**Work to be completed**
Once the pictures are set aside, transcribe each line of the listing exactly.

**Information provided**
——

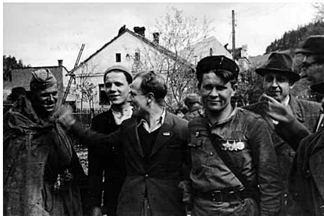
Metylovští vítali Rudou armádu s nadšením
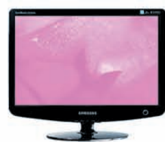
SyncMaster 2032BW / 2232BW

Інфо-служба Самсунг Електронікс: 8-800-5020000 (дзвінки зі стаціонарних телефонів в межах України безкоштовні) www.samsung.ua
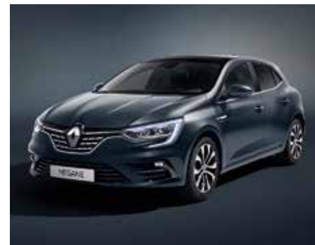
Titánium szürke (2)

——

**Task solution**
Metylovští vítali Rudou armádu s nadšením
SyncMaster 2032BW / 2232BW

Інфо-служба Самсунг Електронікс: 8-800-5020000 (дзвінки зі стаціонарних телефонів в межах України безкоштовні) www.samsung.ua
Titánium szürke (2)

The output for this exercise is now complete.